2.   The theme of the All the Pretty Horses is challenging what is right, and what is wrong.  John knows that loving Alejandra is wrong, but he continues to see her.  When John was in prison, the captain and Emilio ridiculed John for “paying his way out of prison.”  John learns to surrender against committed beliefs, or views on certain things.
3.   The author’s tone is smooth and calm.
“By evening they’d bought a canteenful of stool and were passing it back and forth among themselves as they rode and soon they quite drunk.”
“My father had a great sense of the connectedness of things.  I’m not sure I share it.”
“He smiled and looked at them and as there was indeed time he told them all that had happened.”
4.   Diction: The author’s wording was simple and easy to understand.

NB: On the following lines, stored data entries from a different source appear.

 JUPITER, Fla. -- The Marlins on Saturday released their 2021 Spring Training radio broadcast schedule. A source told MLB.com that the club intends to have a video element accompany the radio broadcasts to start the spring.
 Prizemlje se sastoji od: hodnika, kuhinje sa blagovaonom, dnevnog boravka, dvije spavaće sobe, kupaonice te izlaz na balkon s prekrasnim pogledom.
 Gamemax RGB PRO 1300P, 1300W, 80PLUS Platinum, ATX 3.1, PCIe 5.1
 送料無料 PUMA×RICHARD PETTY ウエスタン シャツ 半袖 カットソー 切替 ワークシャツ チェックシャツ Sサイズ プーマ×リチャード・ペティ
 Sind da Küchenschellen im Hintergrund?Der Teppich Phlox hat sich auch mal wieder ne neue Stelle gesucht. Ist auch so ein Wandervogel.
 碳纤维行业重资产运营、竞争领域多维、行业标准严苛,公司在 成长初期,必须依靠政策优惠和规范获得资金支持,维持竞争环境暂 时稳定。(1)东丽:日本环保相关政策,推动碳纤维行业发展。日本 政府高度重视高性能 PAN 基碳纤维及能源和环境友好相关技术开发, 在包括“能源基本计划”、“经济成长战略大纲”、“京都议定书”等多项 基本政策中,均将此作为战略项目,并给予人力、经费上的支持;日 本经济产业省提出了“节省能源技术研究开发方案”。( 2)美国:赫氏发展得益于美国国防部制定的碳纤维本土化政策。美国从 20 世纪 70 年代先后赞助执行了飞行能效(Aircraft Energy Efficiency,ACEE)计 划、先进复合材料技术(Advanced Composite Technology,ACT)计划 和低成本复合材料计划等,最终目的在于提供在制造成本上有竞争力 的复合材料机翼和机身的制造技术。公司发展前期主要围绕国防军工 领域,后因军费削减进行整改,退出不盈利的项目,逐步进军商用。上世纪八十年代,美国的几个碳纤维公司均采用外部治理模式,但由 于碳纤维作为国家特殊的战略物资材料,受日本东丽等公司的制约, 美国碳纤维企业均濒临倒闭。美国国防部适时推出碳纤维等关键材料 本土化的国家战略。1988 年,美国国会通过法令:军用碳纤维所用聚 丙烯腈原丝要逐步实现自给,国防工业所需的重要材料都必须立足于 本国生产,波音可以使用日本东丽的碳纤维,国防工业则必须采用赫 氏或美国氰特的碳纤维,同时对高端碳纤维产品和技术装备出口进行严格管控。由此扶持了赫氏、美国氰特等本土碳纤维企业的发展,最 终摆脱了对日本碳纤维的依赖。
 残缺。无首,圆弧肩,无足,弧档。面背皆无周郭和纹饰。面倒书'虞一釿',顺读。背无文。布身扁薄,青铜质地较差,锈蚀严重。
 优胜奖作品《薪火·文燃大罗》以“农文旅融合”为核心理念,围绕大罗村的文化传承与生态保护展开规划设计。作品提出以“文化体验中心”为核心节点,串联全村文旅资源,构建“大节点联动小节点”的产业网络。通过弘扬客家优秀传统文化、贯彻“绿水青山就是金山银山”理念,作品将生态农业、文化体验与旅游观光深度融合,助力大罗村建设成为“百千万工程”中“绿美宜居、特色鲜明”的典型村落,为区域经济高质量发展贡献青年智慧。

“The guard stepped forward and unlocked the handcuffs.  The captain was looking out the window.”
Syntax: McCarthy’s sentences were detailed and long.
“He held the mecate while Rawlins undid the sideropes from the hackamore and knelt and tired them to the front hobbles.”
Character: The way the character’s spoke and their actions helped convey the theme.
“With the last of his money he bought coffee and tortillas and some tinned fruit and beans. “
Tone: The author’s tone also helped deliver the theme to the reader.
“He dropped the lead rope and slapped the horse on the rump and it went trotting out of the stable holding its head to one side so as not to step on the trailing rope.”